We calculate the retention rate applicable to the holding cost based on the risk-free or interbank rate of the currency in which the product is denominated. For example, for UK 100 (sterling), the Sterling Overnight Index Average (SONIA) interest rate benchmark is used. For buy positions, we charge 0.0082% over SONIA and for sell positions, you receive SONIA minus 0.0082%, unless the benchmark risk-free rate is equal to or less than 0.0082%, in which case there may be a holding cost on the sale.

You can view the historical holding cost by selecting the account menu and then the History tab.

FAQ

What is CFD trading?

CFDs (contracts for difference) are a popular form of derivative trading that allows you to speculate on price fluctuations in a variety of markets, including forex, indices, commodities, stocks and treasuries. When you trade CFDs, you speculate on price changes without ever owning the underlying asset.
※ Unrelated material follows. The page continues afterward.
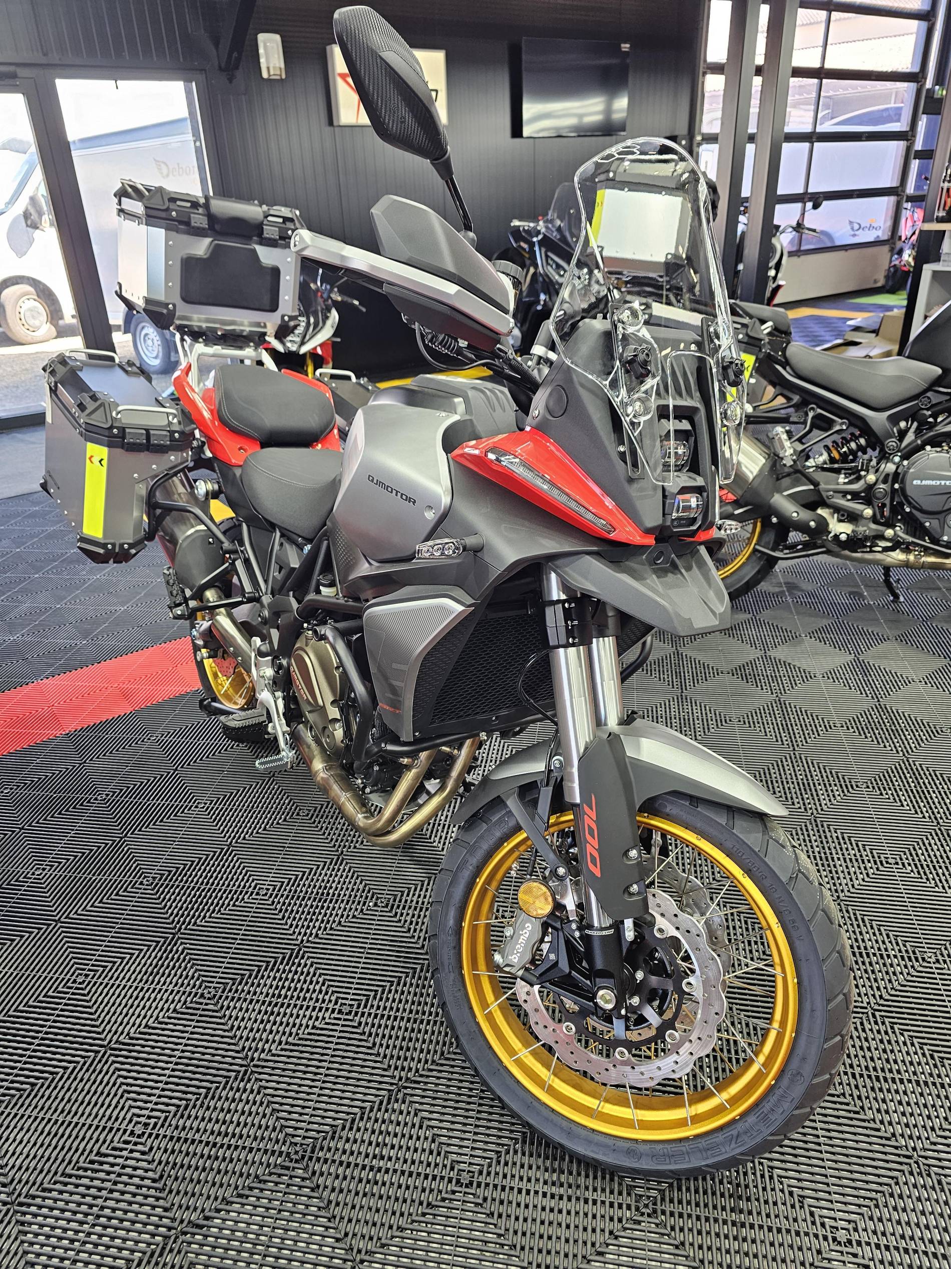 Platinium Motos votre distributeur QJ Motor à Montauban (82) vous propose à la vente cette magnifique moto trail modèle SRT 700 SX Touring moteur bicylindre en ligne 8 soupapes de 698cc à refroidissement liquide, 70cv et 70Nm, compatible permis A2 (35kW-47cv):

Familiarize yourself with the risks of CFDs and the benefits of CFDs to decide if they are right for you.

How does CFD margin work?

A CFD’s margin requirement is the necessary deposit required to gain access to a larger amount of money in a trade. Trading with a margin requirement that is a percentage of the full value of the trade is also known as leveraged trading. When a customer deposits the margin requirement, the remaining amount is essentially “borrowed” from the broker. Learn more about margin trading.

How do I calculate profit on CFDs?

If you take long positions (where you assume the market price will rise), you can calculate the profit from this type of CFD trading by taking the price at which you sold (the sell price) and subtracting the price at which you bought (the buy price). Once you have this amount, you multiply it by your position size to calculate your profit. Note that there are additional costs involved, such as spread and commissions. These can be found on the CFD Trading Costs page.